Admission and commencement of dealings on AIM are expected to take place at 8:00 a.m. on 1 December 2021, under the ticker SKL.

 

Allenby Capital is acting as Nominated Adviser and Broker to the Company.

 

Overview of Skillcast

 

Skillcast provides software and content subscriptions and related professional services to enable companies to implement their staff compliance and training obligations. Operating from its two bases, in London and Malta, the Group helps companies across a broad spectrum of industry sectors in the UK, EU and the rest of the world, to train their staff and demonstrate compliance with various laws, regulations, and standards that are relevant for their business.

 

Subscriptions

The Group earns recurring revenues from client subscriptions to: (i) the Skillcast Portal - the Group's integrated compliance management application that comes with a broad range of tools, the Skillcast portal is white-labelled to create a branded one-stop staff compliance portal for the client.; and (ii) the Skillcast off-the-shelf ("OTS") course libraries, the OTS course libraries are targeted at SMEs in the UK seeking affordable e-learning courses that can be deployed straightforwardly and at short notice to train their employees.

 

Professional Services

The Group provides a range of services to clients on a project basis for a one-time charge, including the development of bespoke e-learning solutions, content translation and localisation, sale of perpetual licences for readymade content, customisation of OTS course content for subscription clients and other content, technology, and consultancy projects.

 

 

The Group has been operating for 20 years, and its client base includes several blue-chip companies such as Schroders, Fresnillo, GKN, British Land, Oxford University Press, Vattenfall, Allergan and a number of other constituents of the FTSE 100 Index.

 

The Group has a track record of delivering sustained growth and profitability and generating positive cash flows over the past five years.  A significant portion of the Group's revenue is derived from subscription contracts with a 12-month term.
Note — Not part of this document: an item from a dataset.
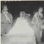
15th Anniversary Cake

Our patches are a symbol of Blue Heron's quality and a token of one of the outstanding lodges in the nation. In accordance with the Blue Heron tradition another patch was developed. The Jacket patch was conceived to furnish a supplement to a member's accessories and to recognize another point in Blue Heron History.

The Group uses annual recurring revenue ("ARR") as a metric to measure the size of the Group's subscription business. The Group's ARR increased from £4.0 million in June 2020 to £4.5 million in Dec 2020 and £5.1 million in June 2021.

 

Key Strengths

 

High-growth, resilient market

The Group serves a B2B market for training, policy and compliance technology that displays strong resilience and high levels of non-discretionary spending. The Directors believe that the industry is shifting towards cloud-based platforms for staff training and compliance, particularly in light of the increase in remote and hybrid working arising from the COVID pandemic.

 

Breadth and depth of product

The Group offers technology, content, and services to assist companies in fulfilling their staff compliance obligations with considerable depth in each of its product lines.

 

Scalable subscription model

The contribution of the content and SaaS subscriptions to the Group's revenues increased from 56 per cent. in 2020 to 63 per cent. in the first half of 2021. The Group's strategic focus seeks to continue this trend. Subscription sales are more profitable and scalable than professional services, and they provide the Group with good visibility of earnings and cumulative growth.

 

Market position

Skillcast is a leading brand for compliance e-learning in the UK with over 600 clients, growing at an average rate of 18 new clients a month during the period January to August 2021, of which approximately one sixth came through referrals.

 

Proven track record

Skillcast is an historically profitable and cash generative business which has achieved strong organic growth. Despite the impact of the COVID pandemic in 2020, the Group continued to grow revenues and remained profitable whilst accelerating investment in technology. The Group has not received any government funding or debt financing.

 

Customer service

Skillcast has a reputation for customer success, as demonstrated by its consistent not less than 4.9/5.0 rating by clients for customer experience on Feefo for the past four years, for which it has earned the Platinum Trusted Service Award.

 

Technology and content Intellectual Property ("IP")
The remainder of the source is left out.